8 reasons why the the Sprint Goal is highly effective to deliver value

The Sprint Goal, as defined by the creators of Scrum, is a selection of product backlog items that form one coherent feature, which helps a development team to work together rather than pursue separate initiatives. Ian Mitchell, a writer on agile software development, summarizes the usefulness of the Sprint Goal by writing the following statement on a blog post:

What we are getting at here is that the whole purpose of a sprint is to meet a Sprint Goal, and Scrum is framed to support sprint-based delivery. Take away the Sprint Goal and the rationale for using Scrum disappears with it. You might as well operate on the basis of continuous flow. Without a Sprint Goal to meet, sprint backlogs can serve no useful purpose.

The Sprint Goal is a description of the coherent increments that will be delivered at the end of the sprint and it provides guidance to the development team on why it is building an increment and how it should do so. If the development team discovers that they won’t be able to deliver that coherent feature during the sprint, they can negotiate the scope with the PO.

We can go even further by describing all the advantages of a well defined Sprint Goal and how it helps to get things done effectively. It helps …

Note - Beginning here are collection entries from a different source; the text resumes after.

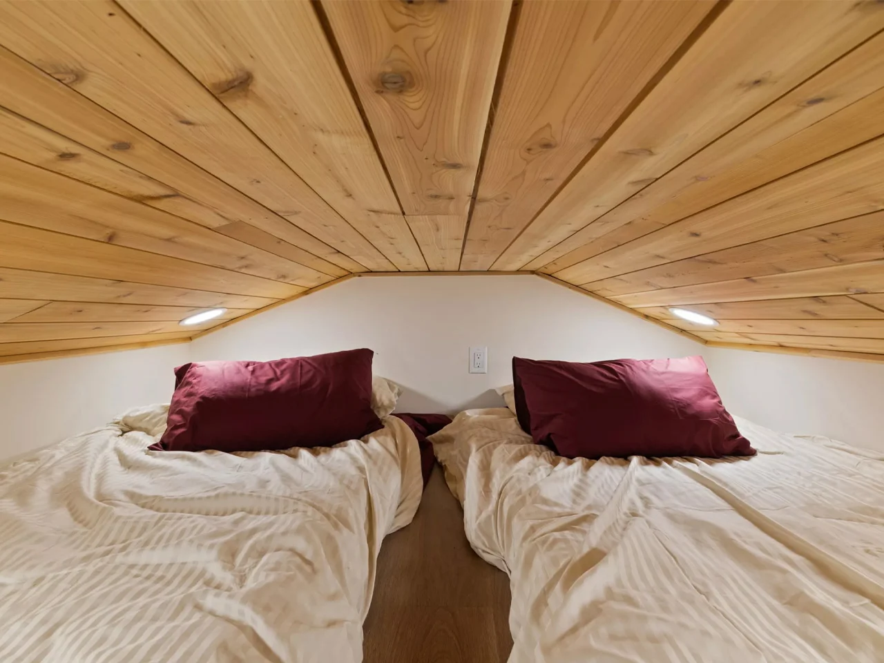 Avec des dimensions de 3 mètres de large sur 6 mètres de long, ce modèle réussi à intégrer un espace de chambre en mezzanine, une salle de bain optionnelle, une cuisine en gallerie, ainsi qu’une zone de vie et de loisirs, le tout dans un espace de vie de 18,58 mètres carrés. Sur le papier, cela pourrait paraître exigu, mais la réalité est bien différente. De grandes fenêtres inondent l’intérieur de lumière naturelle, tandis que les murs en bois chaud créent une atmosphère chaleureuse. Le plafond voûté permet de donner une sensation d’espace, surprenant pour une cabine de cette taille.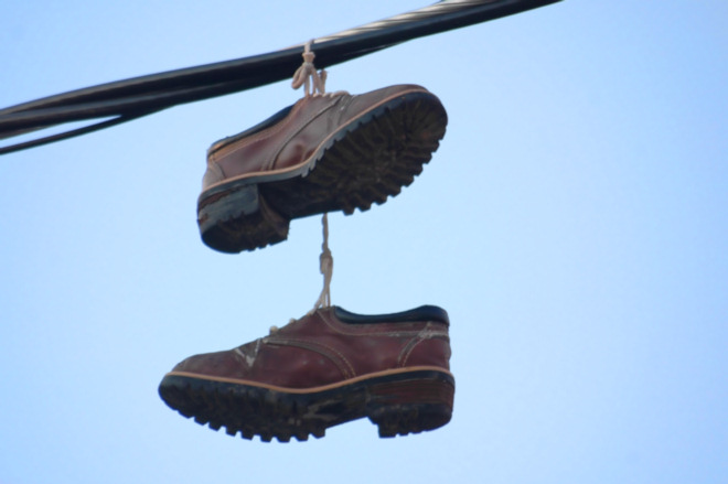 新闻报道说,每年夏天过後,电信工人要花很多功夫清除各个学校附近挂在电线,电话线上的鞋子。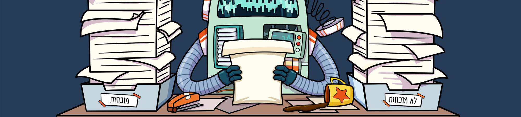 רובוט עם שני מגשים מלאים ניירות, עם הכיתוב "מוכחות" ו"לא מוכחות" | יוסי לגזיאל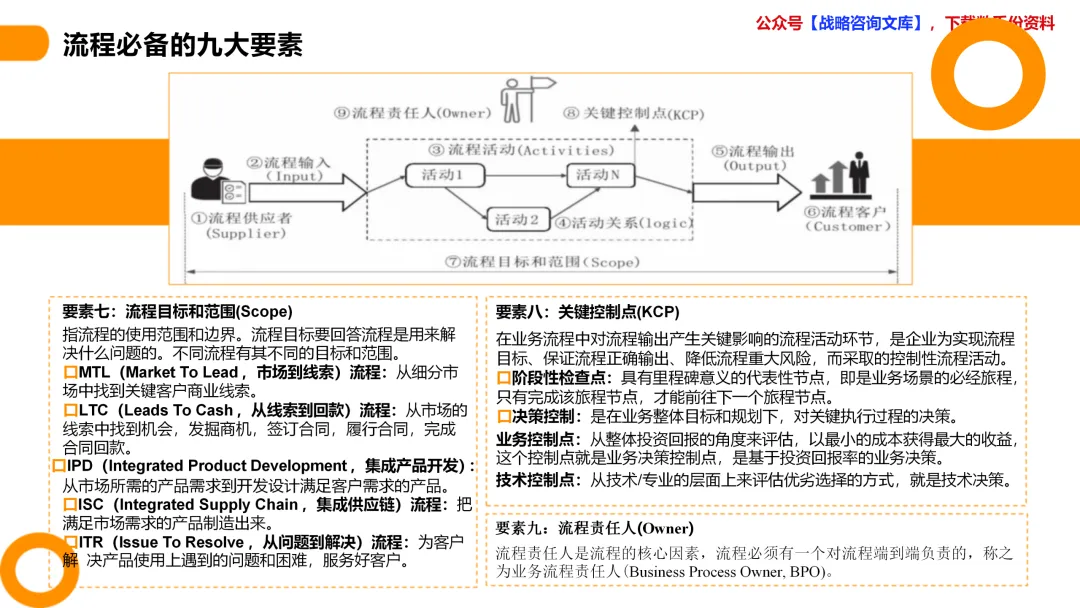 华为的流程体系之所以能够高效落地、持续迭代,核心在于其每一个流程都由九大不可或缺的核心要素构成,形成了完整的、闭环的流程管理体系,确保流程从设计、执行到优化的全生命周期都可控、可落地。

  • The team to understand the purpose of their work beyond the description of individual PBIs, which stimulates intrinsic motivation and compliance. This leads to better implementation as the team can keep the big picture in mind. A well known man built an empire on this concept alone.
  • To keep the team focused on a small objective and avoid the negative impact of context switching. It can be seen as mini projects. These are clearly achievable multiple goals instead of a big one that is divided into chunks used to fill sprints (Waterfall disguised as Scrum). Focus is a very important concept to understand when you work with knowledge and creative workers (in the case of the vast majority of people in software development); it is probably the most important thing to work on in order to deliver value and quality to your customers.
  • The team to collaborate on a single objective with required flexibility and empowerment (cohesion vs individualism). This leads to better shared responsibility as the success of the sprint will be evaluated based on whether the goal has been met, instead of counting all the individual tasks that can lead to individual developer comparison in the worst implementation of Scrum. This helps in getting cohesion which is the most important factor for a high performing team.
  • The PO provide clear value beyond the selected product backlog items (PBI) and therefore improve prioritisation. This helps getting a realeasable product increment at the end of each sprint, which is the whole point of agile software development.
  • The PO to communicate on progress based on working software, instead of a percentage of a list of individual tasks that means nothing to the customer. This also helps to create a valuable roadmap to communicate to users.
  • The PO to get structured feedback from each meaningful increment instead of individual tasks. This provides the next sprints with new insights which automatically leverage the power of Scrum or any other iteration based framework.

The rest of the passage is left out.